NCAR, founded in 1960 and funded by the National Science Foundation, serves as the backbone of U.S. atmospheric research. It operates elite supercomputers, develops the world’s most widely used weather and climate models, pioneered lifesaving aviation wind-shear detection, revolutionized hurricane forecasting with GPS dropsondes, and provides real-time forecasting support for wildfire response and national defense. Thousands of researchers, universities, private companies, and federal agencies rely on its centralized resources—capabilities no single institution could replicate.
The administration’s announcement immediately sparked alarm. Scientists warn that dismantling NCAR would set U.S. weather and climate research back by decades, degrading forecast accuracy for hurricanes, floods, tornadoes, wildfires, and extreme cold—at a time when climate-driven extremes are intensifying. Aviation safety systems, wildfire prediction tools, military forecasting operations, and global research collaborations would all be weakened. Economically, the loss would ripple through Colorado and beyond, damaging industries like insurance, aviation, and energy that depend on reliable forecasts.

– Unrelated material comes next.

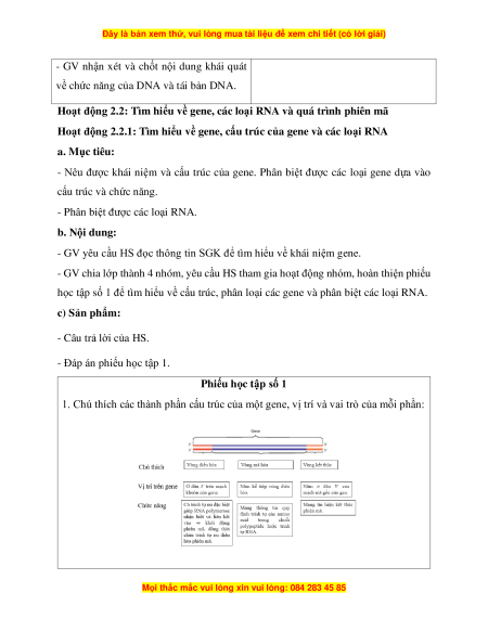 - Nêu được khái niệm và cấu trúc của gene. Phân biệt được các loại gene dựa vào cấu trúc và chức năng.

Beyond the official rhetoric, many believe the move is politically retaliatory. The decision came amid a highly publicized feud between President Trump and Colorado Governor Jared Polis over the imprisonment of former county election official Tina Peters. It also coincided with the cancellation of over $100 million in federal grants to Colorado. Colorado’s congressional delegation has openly called the NCAR action dangerous and punitive, framing it as an attempt to punish the state rather than reform science.
The NCAR announcement fits into a broader pattern of actions undermining U.S. science: deep funding cuts to federal research agencies, mass departures of government scientists, removal of scientific data from public websites, and increasing pressure on universities to shift away from climate research. Graduate programs are shrinking, long-term projects are failing, and scientists describe a shift from advancing discovery to simply trying to preserve what still exists.
The response has been swift and fierce. Hundreds protested in Boulder, joined by elected officials and researchers, emphasizing the irony that the announcement came during an extreme wind event when NCAR’s models were actively protecting lives. Colorado lawmakers are pursuing legislative and legal avenues to block the dismantling, while the scientific community has spoken with near-universal condemnation—warning that losing NCAR doesn’t just hurt science, it endangers public safety and national security.
At its core, this is more than a budget fight or a political feud. It’s a reckoning over whether evidence-based science remains a pillar of American decision-making—or whether one of the nation’s most vital scientific institutions can be dismantled at the stroke of a political pen.